Inverse Planning is often framed with a Bayesian formulation, such as sequential Monte Carlo methods. The inference process can be represented with a graphical model shown on the right. In this causal diagram, a rational agent with a goal g produces a plan with a sequence of actions $a_{1:t}$, where

$a_{1:t} \sim P(a_{1:t} | g, s_0)$

In the forward planning model, it is often assumed that the agent is rational.

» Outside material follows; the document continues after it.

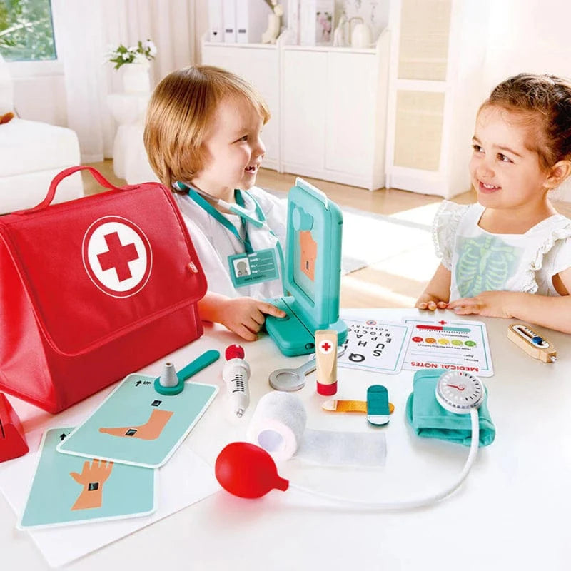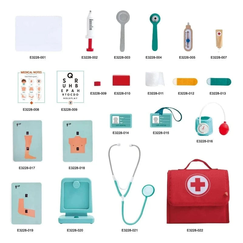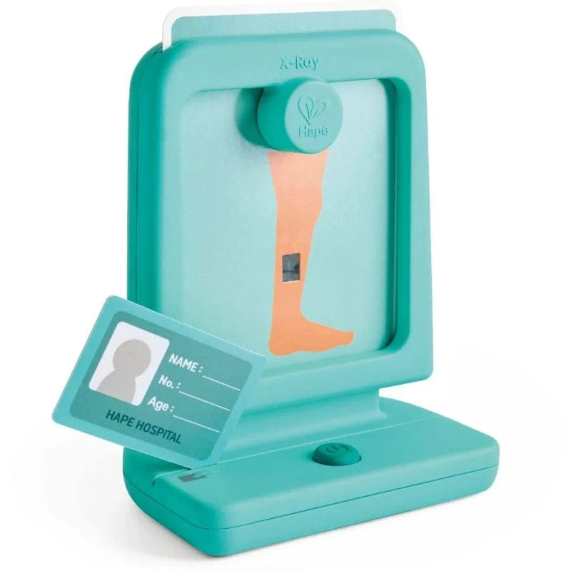 Imitating the scene of doctors' consultations and treatments, including X-ray machines with projection and card swiping functions, simulated stethoscopes, and squeezable blood pressure monitors, equipped with a portable diagnosis and treatment kit.

The agents' actions can then be derived from a Boltzmann rational action distribution,

$P(a_i | g, s_0) = \frac{\exp(\frac{1}{\beta} Q(s_0,a_i))}{\sum_{a_j}{\exp(\frac{1}{\beta} Q(s_0,a_j)))}}$

where $Q(s_0, a)$ is the cost of the optimal plan to goal $g$ by first performing action $a$, and $\beta$ is the Boltzmann temperature parameter.

Then giving action observations of $a_{1:t}$, Inverse Planning applies Bayes' rule to invert the conditional probability to find the posterior probability of the agent's goal.

$P(g|a_{1:t}, s_0) \propto P(a_{1:t}|g, s_0)P(g)$

Inverse planning can also be applied for inferring agent's beliefs, emotions, preferences, etc. Recent work in Bayesian Inverse Planning has also been able to account for boundedly rational agent behavior, multi-modal interactions, and team actions in multi-agent systems.

== Application ==
Inverse Planning has been widely used in modeling agent's behavior in cognitive science to understand human's ability to interpret and infer other agents' latent mental states. It has increasingly been applied in Human-AI and Human-Robot interactions, allowing artificial agents to recognize the goals and beliefs of human users in order to provide assistance.